Defendants moved to dissolve the attachment in this case on the ground:
“1.....That said affidavit does not show that the alleged indebtedness has not been secured by any lien upon real or personal property; that said affidavit does not show that the alleged indebtedness has not been secured by any pledge of personal property; that said affidavit does not show that the alleged indebtedness has not been secured by any mortgage upon real or personal property.
*272“2. That said writ of attachment was irregularly and improperly issued in this, to wit: That said affidavit alleges that a part of said indebtedness ‘were secured by chattel mortgages but that the security for the same became worthless’ and said affidavit fails to show that such security has, without any act of the plaintiff, or the person to whom the security was given, become valueless, as required by the provisions of section 6780 of the Compiled Statutes of Idaho.” The trial court made an order dissolving said attachment, from which plaintiff appealed.
The affidavit for attachment filed by appellant alleged an indebtedness “Upon three promissory notes, for $325, $81.35, and $20, respectively, besides, interest and costs.

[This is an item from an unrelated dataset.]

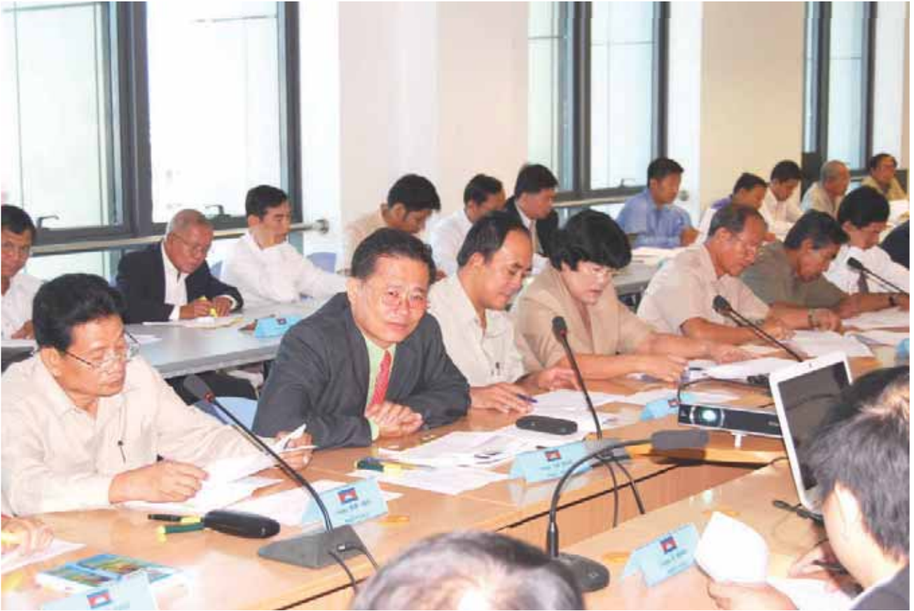
រូបភាពក្នុងកិច្ចប្រជុំ ដើម្បីវិភាគស្ថានភាពសេដ្ឋកិច្ច សង្គមកិច្ច និងវប្បធម៌

“That the notes for $325 and $81.35 were secured by chattel mortgages but that the security for the same became worthless; and that the same is now due, and that the payment of the same is not secured by any mortgage, lien or pledge upon real or personal property, or any ' pledge of personal property. And that the attachment is not sought, and the action is not prosecuted to hinder, delay or defraud any creditor of the defendant.”
It is clear from an examination of this affidavit that under the decisions of this court it is insufficient to authorize the , issuance of the writ. While it admits that two of the notes were secured by chattel mortgages, it is silent as to whether there is security of any kind for the other note.
While admitting that security by way of chattel mortgage had been given for two of the notes, the affidavit does not negative the fact that the other kinds of security mentioned in the statute may also have been given.
The simple statement that the security given has become worthless is insufficient without the statement required by the statute that it has become so “without any act of the plaintiff, or the person to whom the security was given.” (Murphy v. Montandon, 3 Ida. 325, 35 Am. St. 279, 29 Pac. 851; Knutsen v. Phillips, 16 Ida. 267, 101 Pac. 596.)
Counsel for appellant suggest that inasmuch as the legislature has amended the statute so as to allow amendment of *273the affidavit for attachment when a motion to dissolve has been made, the court, in the interest of justice, should give the appellant the benefit of said amendment and remand the case with directions to permit the appellant to amend its affidavit. This we have no right to do. The order complained of was made more than a year before the amendment took effect. The statute prescribes certain requirements that must be met at or before the hearing of the motion to discharge the attachment, if such motion is to be defeated. It contains nothing that could be construed as authorizing this court or the district court to extend its provisions to cases already decided in the district court before the amendment took effect. This court has held that retrospective effect will not be given to a statute unless it appears that the statute was intended to have such effect. (Lawrence v. Defenbach, 23 Ida. 78, 128 Pac. 81, citing 2 Sutherland on Statutory Construction, 2d ed., see. 641.)
The order of the trial court dissolving the attachment is affirmed with costs to respondent.
Rice, C. J., and Budge, McCarthy and Lee, JJ., concur.